Health Publications
Topic: RSS FeedWelcome To Meth Country - clandestine methamphetamine labs
Sierra, Jan, 2001 by Marilyn Berlin Snell
Iodine is mostly used by ranchers, in miniscule amounts, to treat thrush on horse hooves. As a rule, most meth cooks don't have horses. Instead, they use gallons of the chemical--which in large amounts is toxic to the gastrointestinal system and the thyroid gland, not to mention the environment--in the initial stages of the pseudoephedrine/ephedrine cooking process.
Oil refineries use hidriotic acid to test crude oil for sulfur content. One or two gallons can last a refinery an entire year. So, what does a guy living out in the middle of nowhere need with 50 gallons of the stuff? As the principal chemical in the pseudoephedrine reduction process, hidriotic acid breaks down the pseudoephedrine molecules to create meth.
Red phosphorus can be found at the end of every matchstick in your house, and also in road flares. Needless to say, it's highly flammable. The Apache County lab had 550 pounds of red phosphorus on site--about 549.99 pounds more than anyone in their right mind would need to light their backyard barbecue.
In the pseudoephedrine reduction process, if red phosphorus and iodine are heated and improperly vented by the amateur chemist, a lethal and odorless gas called phosphene is created. "If we don't know it's a lab when we go in," says Tafoya, "the immediate danger is that we don't have breathing apparatuses on and we inhale toxic gases that can kill us or fry our lungs."
In 1999, Arizona found 473 labs. The year 2000 was on track to exceed that number. The majority were small-scale operations (called "Beavis-and-Butthead" labs by DEA agents) located in urban areas. Makeshift labs have been found in motel rooms, homes and apartments on quiet, cactus-lined streets in Phoenix, and even in car trunks.
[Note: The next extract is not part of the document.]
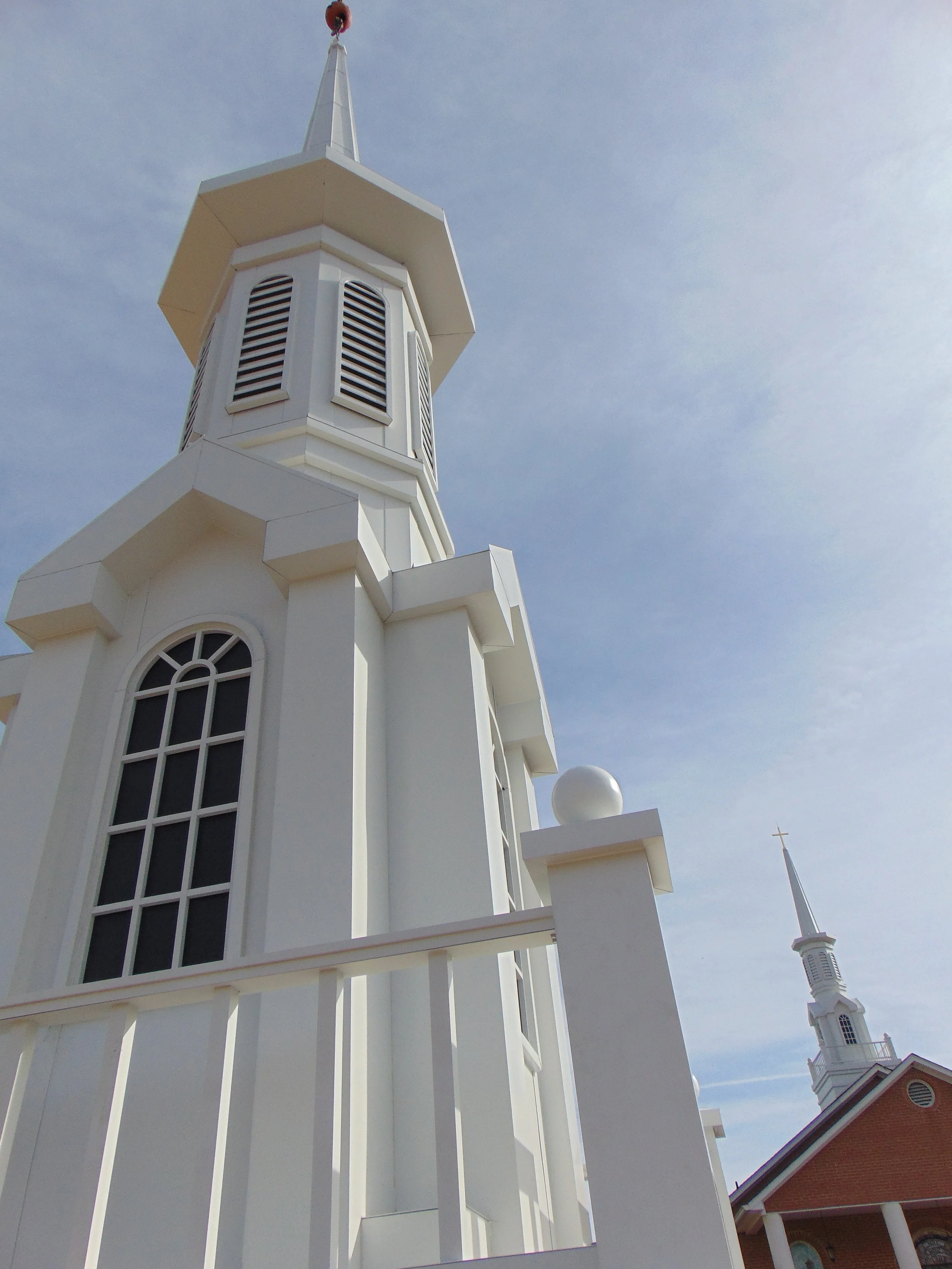 What a beautiful day! Jan 18, 2017 the crews began work around 8am. The day started out dreary and overcast, but the Lord smiled down on us with glorious sunshine and perfect temperatures. What a thrill to watch the crews working putting up both steeples up. The day culminated with Bro. Jerrell and Kenneth Wilkinson assisting in putting the cross on the steeple of the new building. Bro. Jerrell prayed over the building, asking God to bless the church and most importantly, thanking God for the mighty works He has done and continues to do at Tates Creek! To God Be The Glory!

Jim Molesa, the DEA's public-affairs officer for Phoenix, says that the average small lab costs between $3,000 and $4,000 to clean up. "The small urban labs make a couple ounces," he says, just enough to feed the cook's addiction--with leftovers sold to buy over-the-counter chemicals for the next batch. "But there's still a horrible environmental component with these labs," Molesa adds. "They're almost like a mini-hazardous-waste site."
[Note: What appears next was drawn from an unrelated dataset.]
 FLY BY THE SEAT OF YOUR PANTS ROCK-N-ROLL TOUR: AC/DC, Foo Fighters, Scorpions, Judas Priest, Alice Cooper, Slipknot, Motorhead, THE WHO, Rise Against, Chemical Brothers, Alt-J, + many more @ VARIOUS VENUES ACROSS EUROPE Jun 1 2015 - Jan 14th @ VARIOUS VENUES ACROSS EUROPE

Special Agent William Etter works with the DEA in Northern California and deals with urban labs almost daily. According to Etter, these labs are an ever-increasing micro problem: In 1995, 52 percent of the lab seizures nationwide were in metropolitan areas. "With urban labs, there are levels of contamination that hit you where you live," says Etter. "When I think of the environment, it's not just about the birds, bees, and trees. How about the urban environment? Knowing what I know about meth, I'd never move into a house that had been a lab."
Scott Logan, who heads Envirosolve, the company contracted by the DEA to clean up meth labs in Arizona, agrees. "The small labs contain flammable solvents, chlorinated solvents, acid bases," says Logan. "We find just about every toxic food group." When it comes to the environmental costs of meth, urban blight and rural blight--micro labs and macro ones--blur into one Superfund-size problem.